MATERIAL TO PROCESS
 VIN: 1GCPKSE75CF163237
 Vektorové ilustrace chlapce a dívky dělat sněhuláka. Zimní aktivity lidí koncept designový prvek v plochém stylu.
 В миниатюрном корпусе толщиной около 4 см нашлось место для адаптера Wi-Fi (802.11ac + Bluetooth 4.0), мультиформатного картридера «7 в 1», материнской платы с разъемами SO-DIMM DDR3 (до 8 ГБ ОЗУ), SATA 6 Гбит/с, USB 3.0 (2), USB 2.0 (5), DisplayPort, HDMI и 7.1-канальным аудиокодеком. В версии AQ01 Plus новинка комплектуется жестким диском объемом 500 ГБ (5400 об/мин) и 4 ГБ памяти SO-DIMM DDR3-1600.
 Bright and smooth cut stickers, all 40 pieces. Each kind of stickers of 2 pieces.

* * *

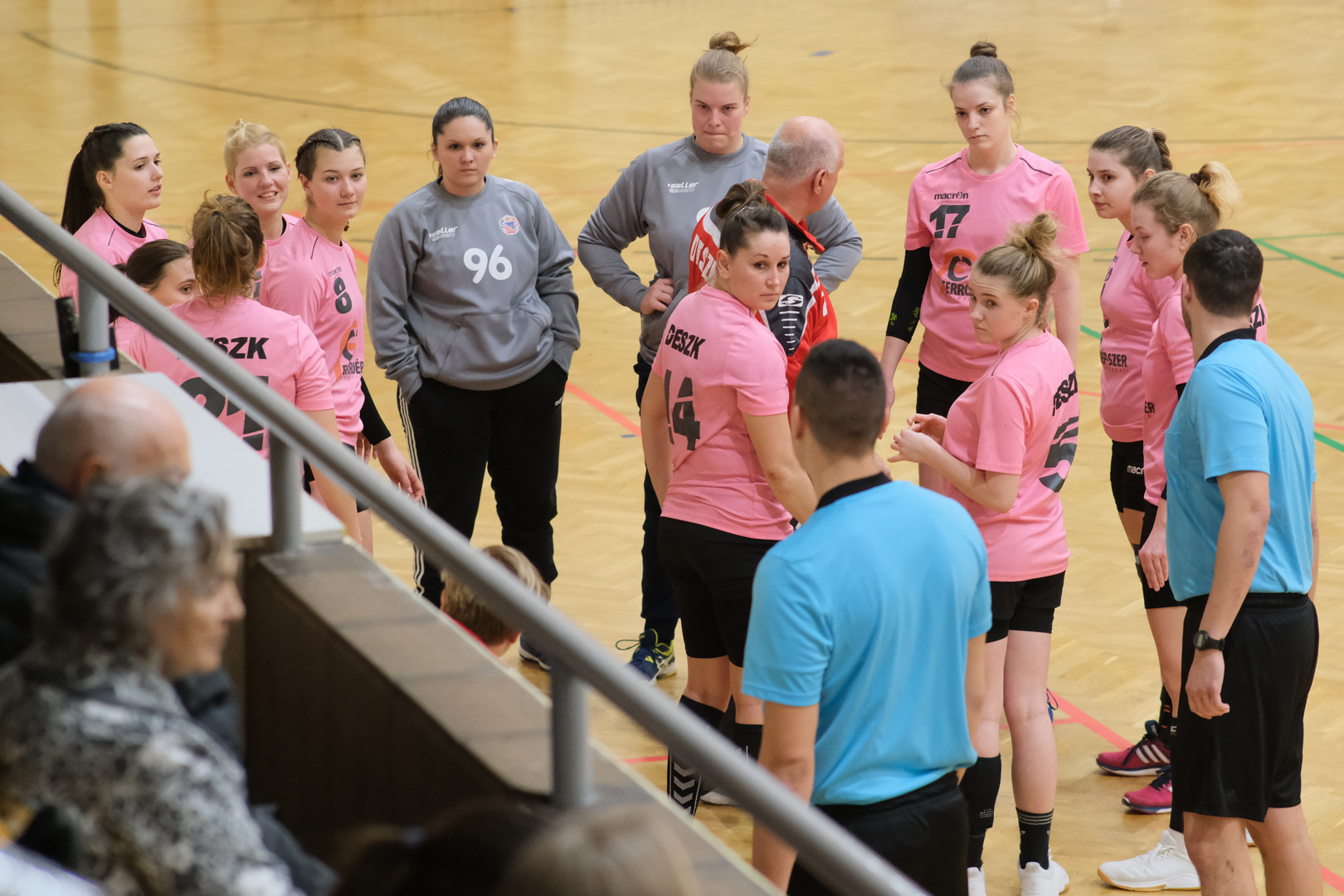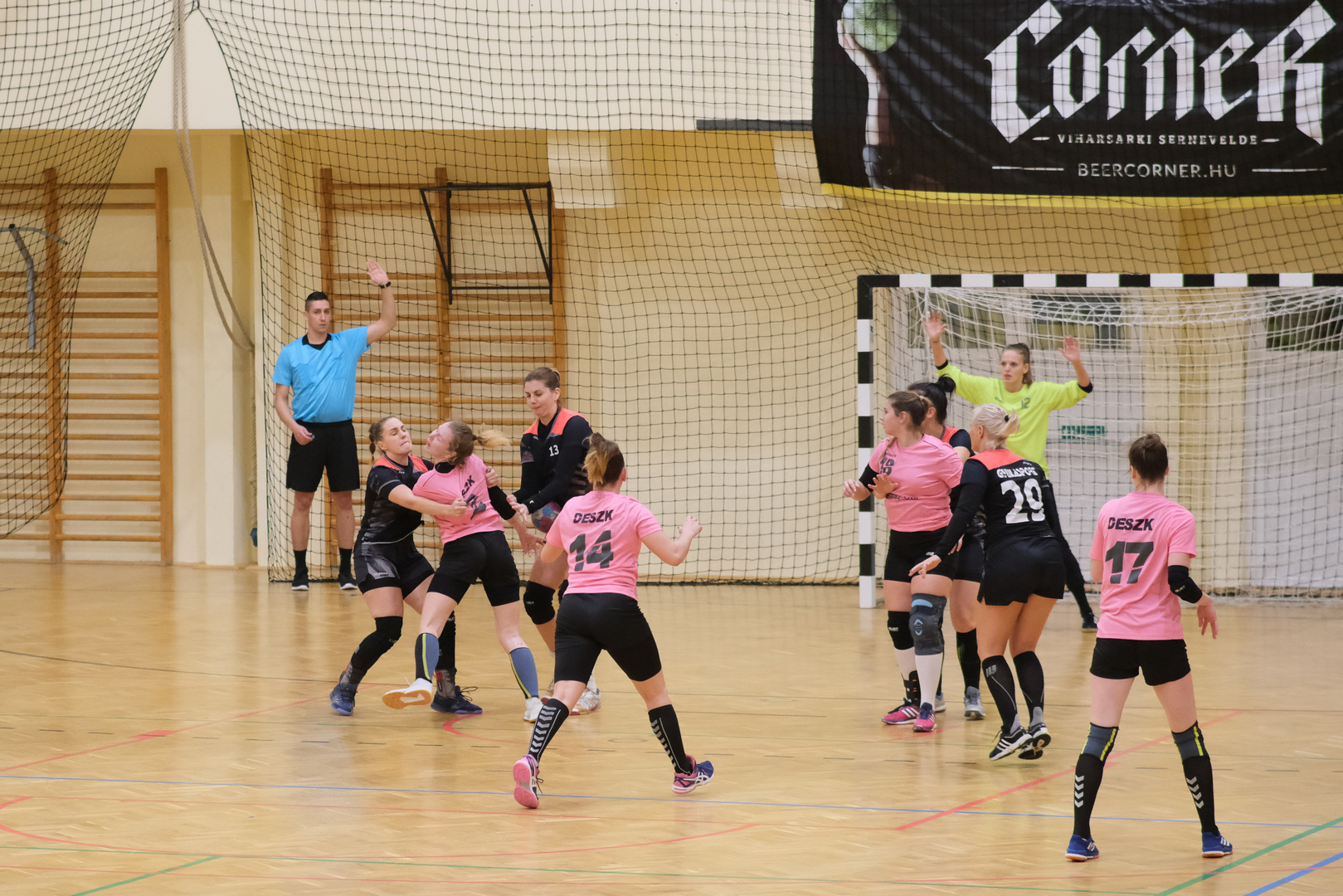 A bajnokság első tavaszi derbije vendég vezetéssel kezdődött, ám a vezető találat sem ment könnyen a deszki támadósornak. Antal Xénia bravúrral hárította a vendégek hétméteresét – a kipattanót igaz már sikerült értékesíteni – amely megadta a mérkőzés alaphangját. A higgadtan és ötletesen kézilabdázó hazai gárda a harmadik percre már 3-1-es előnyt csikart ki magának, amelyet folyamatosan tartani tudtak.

...

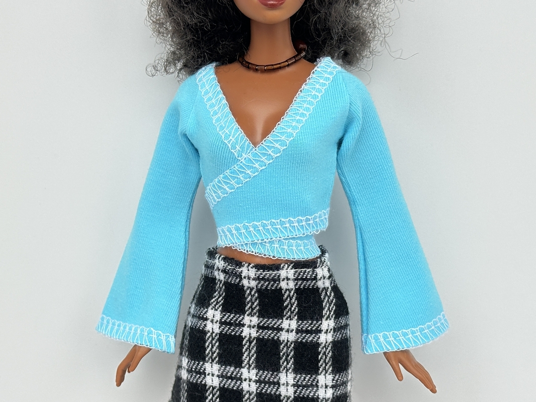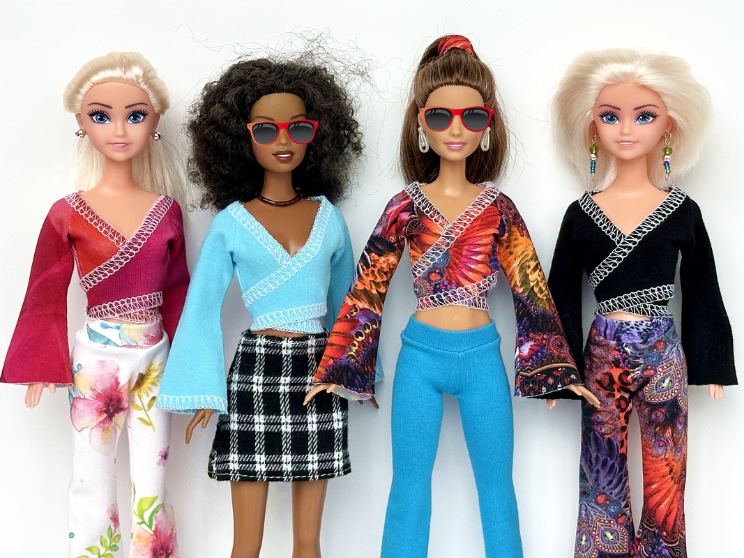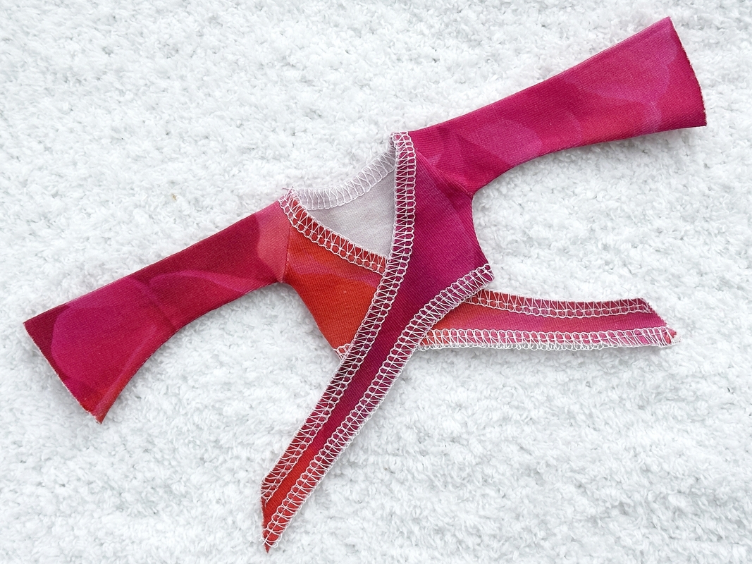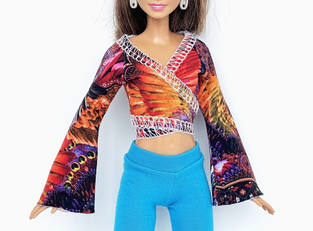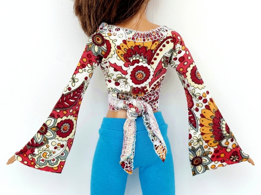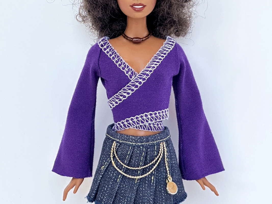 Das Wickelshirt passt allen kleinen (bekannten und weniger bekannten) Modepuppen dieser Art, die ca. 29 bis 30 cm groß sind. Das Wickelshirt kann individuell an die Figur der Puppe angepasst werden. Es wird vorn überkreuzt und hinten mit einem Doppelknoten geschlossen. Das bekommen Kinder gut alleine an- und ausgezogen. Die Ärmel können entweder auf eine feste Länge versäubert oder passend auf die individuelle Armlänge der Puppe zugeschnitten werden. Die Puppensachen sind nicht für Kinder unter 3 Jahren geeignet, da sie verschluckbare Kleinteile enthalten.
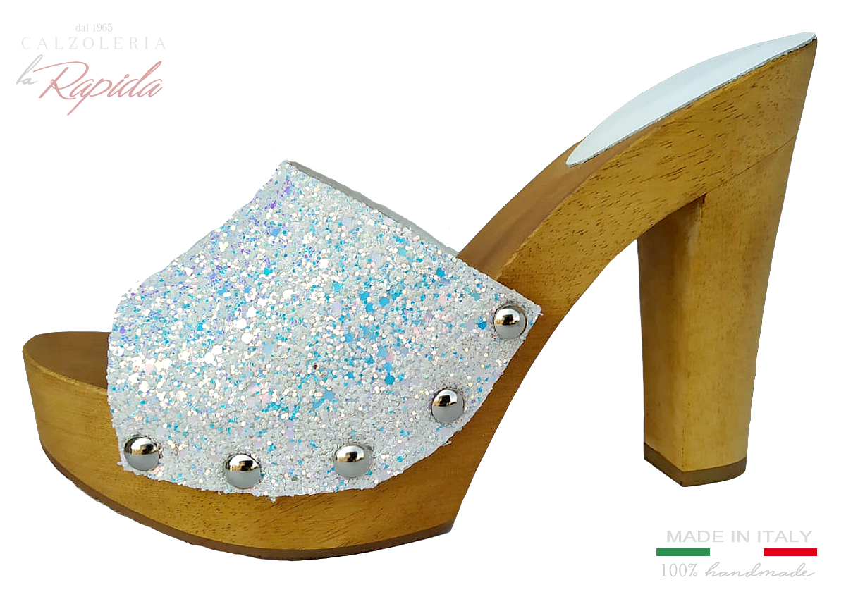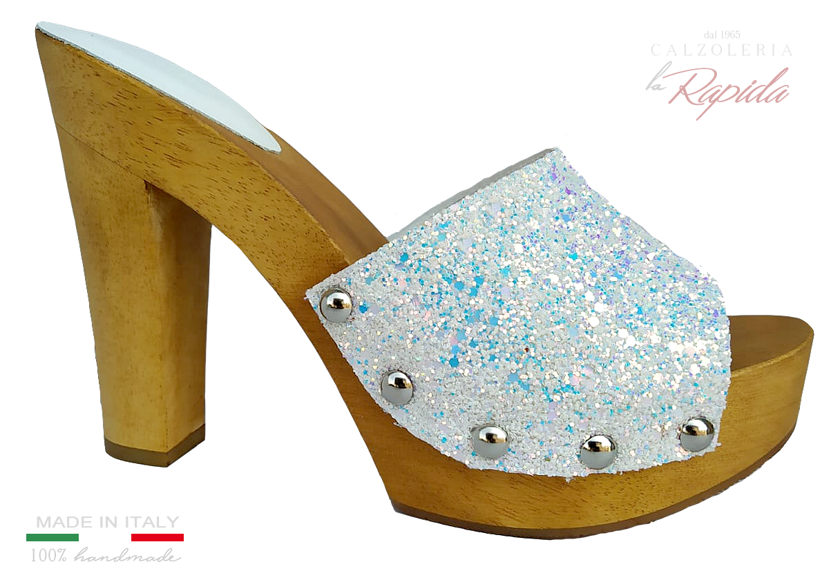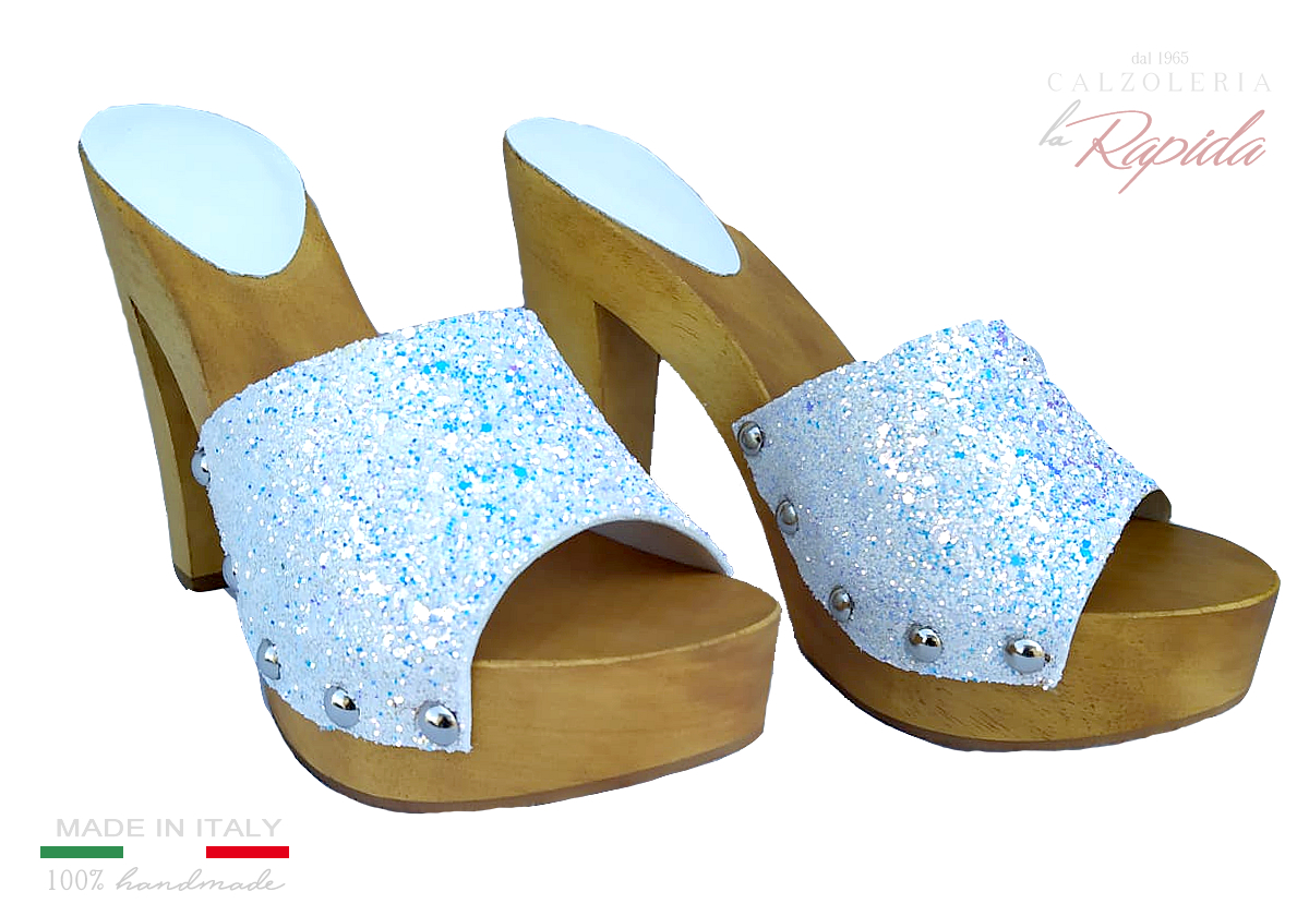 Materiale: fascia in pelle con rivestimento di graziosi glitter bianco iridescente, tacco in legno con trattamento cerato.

ACTION ITEM
When you reach the line with "Vektorové ilustrace chlapce" in the records above, start writing out lines exactly, and stop once the line with "Bright and smooth" has been written; include nothing else.

EXERCISE OUTPUT
 Vektorové ilustrace chlapce a dívky dělat sněhuláka. Zimní aktivity lidí koncept designový prvek v plochém stylu.
 В миниатюрном корпусе толщиной около 4 см нашлось место для адаптера Wi-Fi (802.11ac + Bluetooth 4.0), мультиформатного картридера «7 в 1», материнской платы с разъемами SO-DIMM DDR3 (до 8 ГБ ОЗУ), SATA 6 Гбит/с, USB 3.0 (2), USB 2.0 (5), DisplayPort, HDMI и 7.1-канальным аудиокодеком. В версии AQ01 Plus новинка комплектуется жестким диском объемом 500 ГБ (5400 об/мин) и 4 ГБ памяти SO-DIMM DDR3-1600.
 Bright and smooth cut stickers, all 40 pieces. Each kind of stickers of 2 pieces.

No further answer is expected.